Local movies highlight film fest

The Hawaii Ocean Film Festival returns to Waipa at 6 p.m. Saturday. Outdoor screenings of feature and short films about marine resources, ocean recreation, and our cultural connections to the sea.

The 2.5 hour festival of independent films begins with local stories about people and organizations that work to preserve and protect nearshore environments through volunteerism and the environmental sciences.

“The festival goal is to encourage the viewers to pick a beach, whether it is near their home, or their favorite, or maybe just the beach that really needs some extra attention – and make a commitment to protecting and preserving that resource once in a while,” said HOFF Director Melinda Sandler. “Or make a donation to a local organization doing the work already.”

The family friendly festival begins with filmmaker Brady Cushway’s touching tribute to Kauai’s beloved ocean advocates, Kathy and Bobo Ham Young, a mother and son who both passed away recently, showing the avid anglers enjoying the North Shore with friends and family.

Stephen Watkins of Lihue, is the festival’s local filmmaker profile for 2014. His film, “Spirit Of Aloha,” is a heartwarming music video featuring a montage of clips inspired by the families involved in outrigger events.

“Living on Kauai and building new friendships has given me an inner peace that I thought could not be matched,” Watkins said. “Having my film featured at the Hawaii Ocean Film Festival brings me to a new level of joy because the beauty of the island and caring nature of the people who live here can now be shared with others.”

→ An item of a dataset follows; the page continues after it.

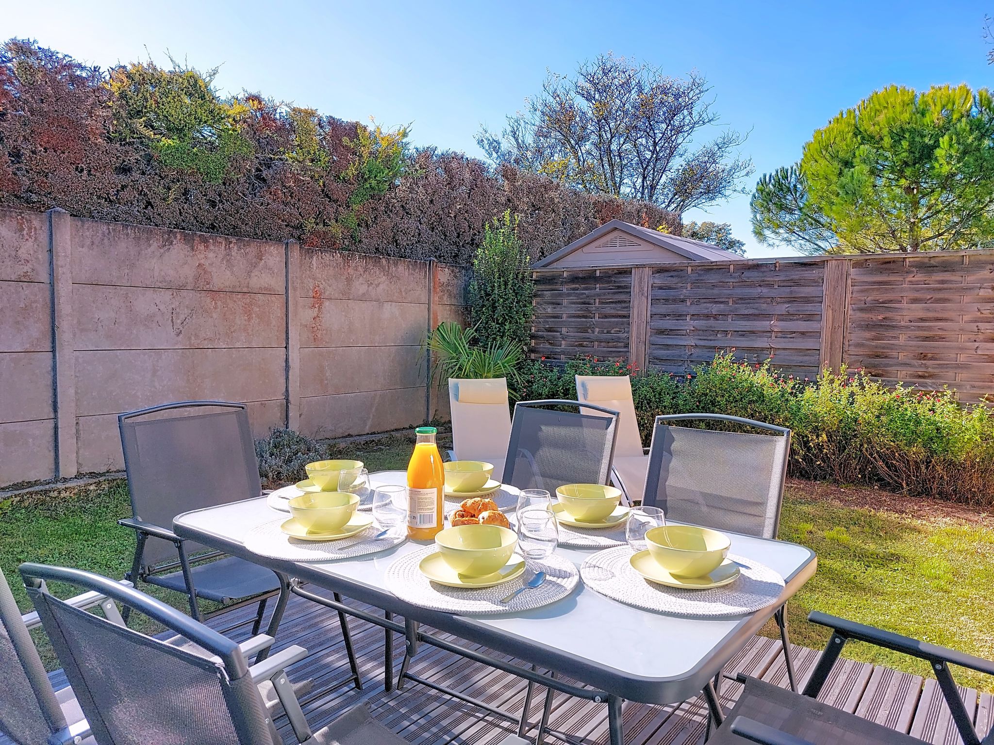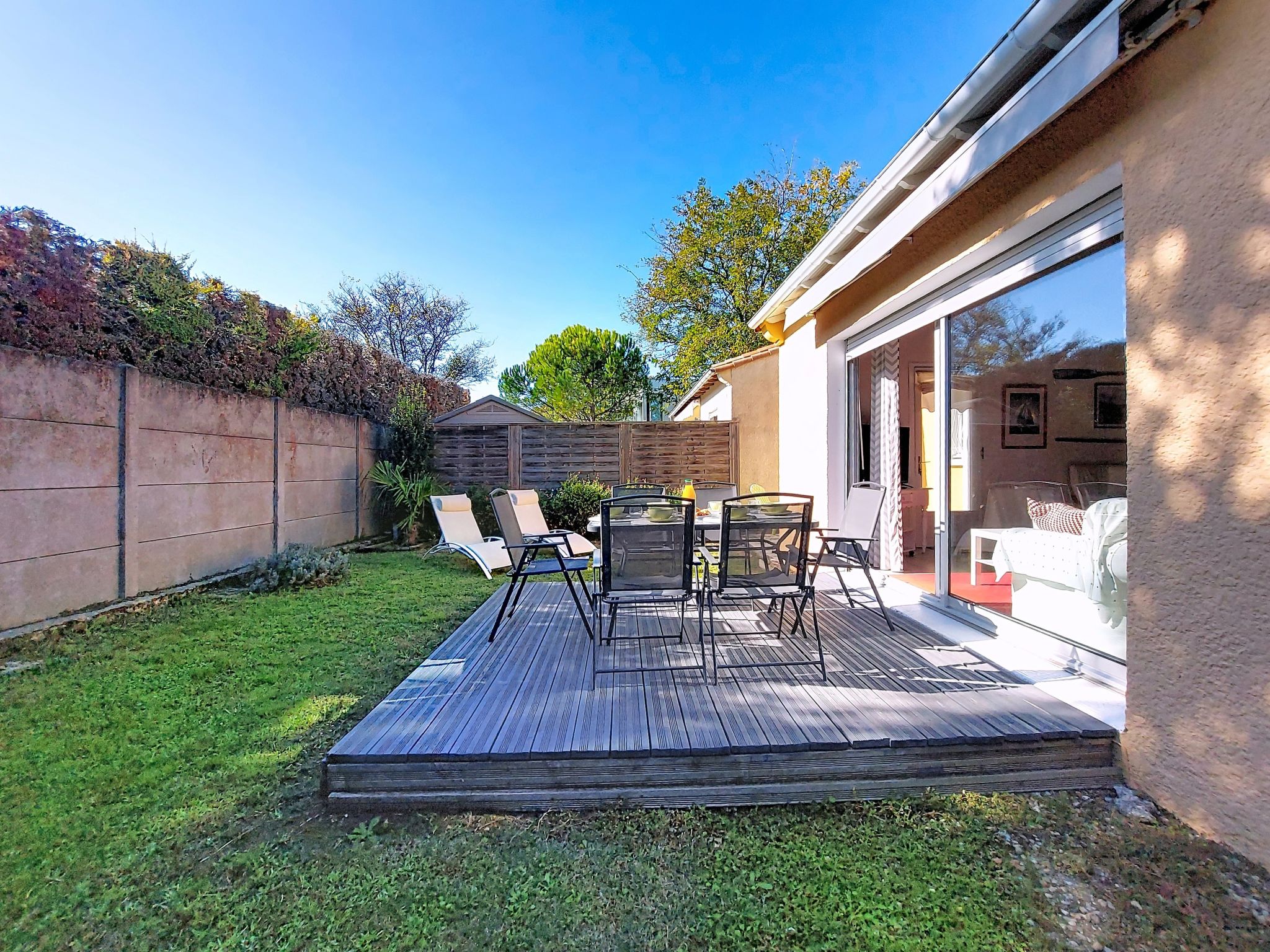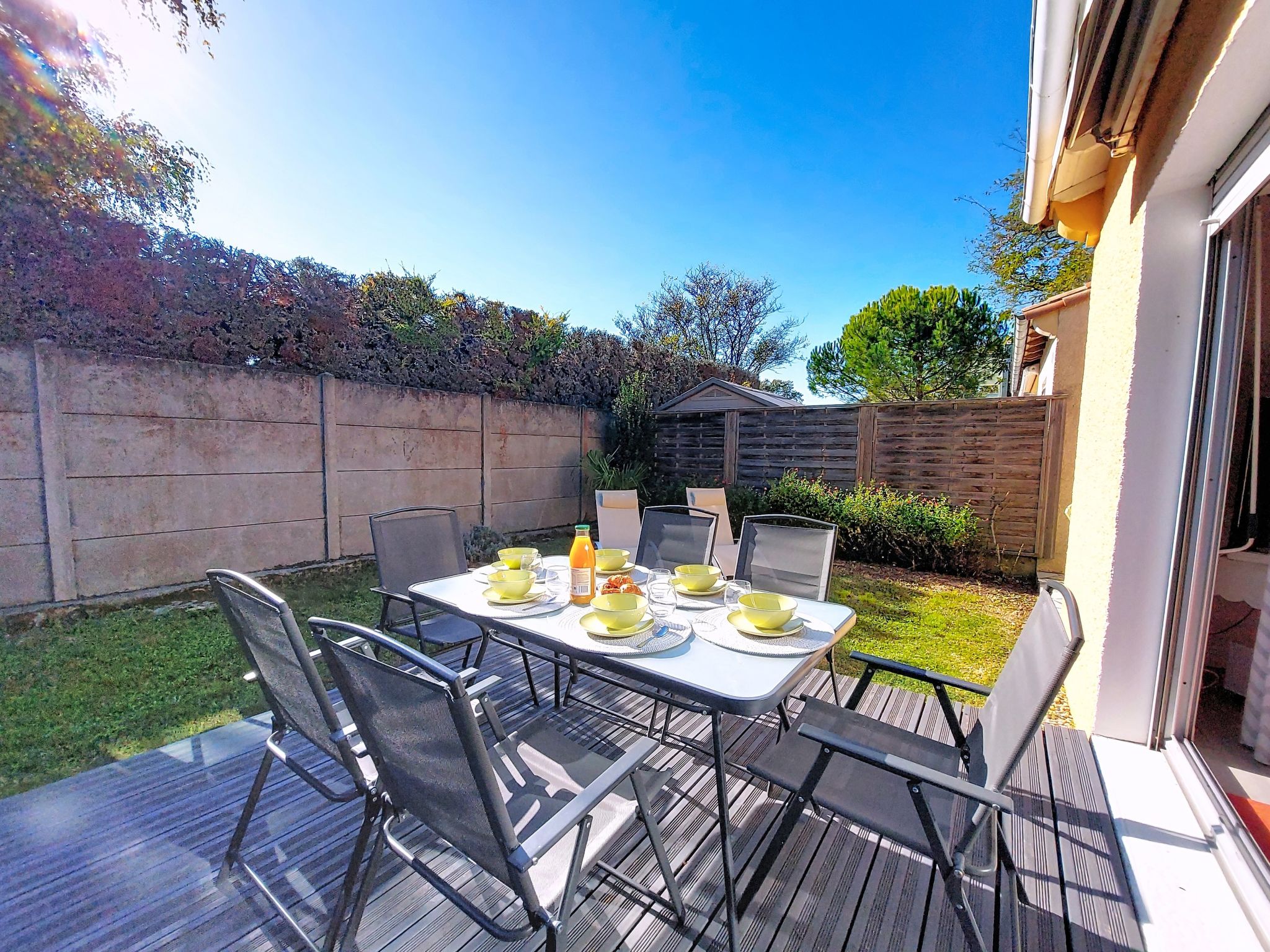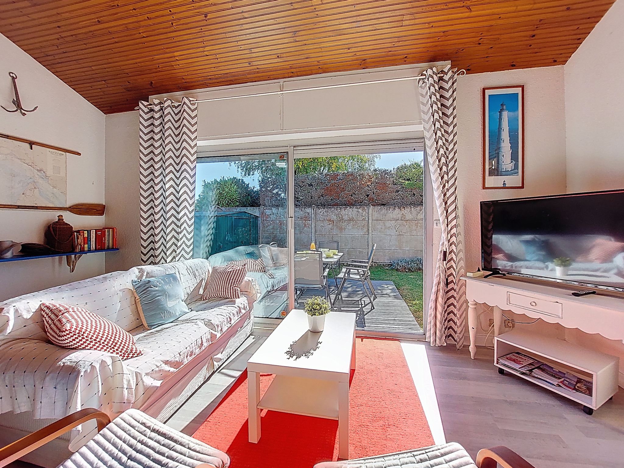 Small residence "Les Floriales". 4 houses in the residence. In the centre of Vaux sur Mer, excellent location: right in the centre but still quiet, 2 km from the sea, 2 km from the beach. Grocery 350 m, supermarket 1.5 km, bar, bakery 350 m, bus stop "Courtot" 350 m, railway station "Royan" 6 km, sandy beach "Nauzan" 2 km, indoor swimming pool 6 km, thermal baths "Thalassothérapie Thalazur Royan" 4 km. Golf course (18 hole) 4 km, tennis 1 km, indoor tennis centre 1 km, cycle lane 350 m. Nearby attractions: Tennis et Padel Club de Vaux sur Mer 1 km, Casino Barrière 2.5 km, Palais des Congrès 4 km, Embarcadère Royan - Le Verdon 4.5 km, Marché Central de Royan 3.5 km, Zoo de La Palmyre 11 km. The keys‘ handover takes place by the agency in Vaux sur Mer, 3 km.

As Watkins Productions, he applies a bachelor’s degree in television production and a master’s in instructional technology and digital media to educational and philanthropic projects. He is a website builder, photographer and videographer who provides technical support for the Performing Arts Center and other live performance venues in addition to video segments for Kauai Community College.

The Surfrider Trilogy follows with a message from the National Surfrider Foundation to “Rise Above Plastics and Pick Up Your Butts.” It is followed by Robert Zelkovsky’s (Bamboo Moon production) film, “Surfrider Net Pickup,” which documents the efforts of the Kauai chapter and its faithful volunteers.

One element, “STEM” (Science, Technology, Engineering, Mathematics) is a Surfrider partnership with Kauai Community College. The film features local scientist and Surfrider member Carl Berg, who regularly tests Japanese tsunami debris for radioactivity.

Watkins adds another short piece to the trilogy with a documentary on the work of Jessica Austin and Leah Sousen, who monitor debris and pollution at Kee Beach.

The fields of ocean archeology follows with the 30-minute film, “Lightning Strikes Twice,” featuring NOAA’s discovery of the whaleship wreck, “Two Brothers,” which struck the reef and sank in the French Frigate Shoals area of the Hawaiian Islands in 1823. The film should inspire young people to explore the ocean sciences and scuba divers will also enjoy the footage, say festival organizers.

The Two Brothers captain was George Pollard Jr., who had captained and survived a whale strike on the whaleship “Essex.” It inspired Herman Melville’s novel, “Moby Dick.”

“Waverider” by filmmaker Gareth Davies is the story of Esei Tokovou, a Fijian boatman and surf guide who won a wildcard entry Volcom Fiji Pro World Championship competition. Using hand-me-down boards and without a trainer or support team, Tokovou readies to compete against the top surfers in the world for more than $400,000 in prize money.

Esei carries the hopes of a nation into competition at Cloudbreak on Tavarua Island, rated by many big wave surfers as the best wave in the world.

Hawaii Ocean Film Festival selects films sent from around the world, with a goal of finding entertaining stories that also offer an educational component on the most pressing problems facing our environment that will relate to the local audience.

The topic is overfishing is highlighted in the 2015 HOFF. Films received this year describe, and offer possible solutions to the trafficking of IUU (illegal, unreported and unregulated) fish.

“Fish-I Africa”, is film from The Pew Charitable Trust that shows how poorer countries small, illegal industrial fishing boats are taking one-fifth of the global tuna catch from the Western Indian Ocean near Southeast Africa.

“Fish-I Africa is uniting coastal countries Comoros, Kenya, Madagascar, Mauritius, Mozambique, Seychelles and the United Republic of Tanzania to help put a halt to large-scale illegal fishing in an area covering 500 million square kilometers of the Indian Ocean — the second-largest fishery in the world next to the Pacific.

The first HOFF events were held at the War Memorial Convention Hall on Kauai, Honolulu Academy of Arts, Hilo Palace Theater, and Maui Arts and Cultural Center. The venue moved to outdoor screens to handle larger crowds but also to immerse the audience in the natural environment with warms winds, salty air, and the occasional blessing and rainbows.

Tickets are $5 and guests are encouraged to bring blankets and beach chairs. Advance tickets are available at Hanalei Surf Company, and Paradise Music kiosk outside of Foodland. Join Surfrider the night of the event and get in free. For information visit waipafoundation.org and hawaiioceanfilmfestival.org.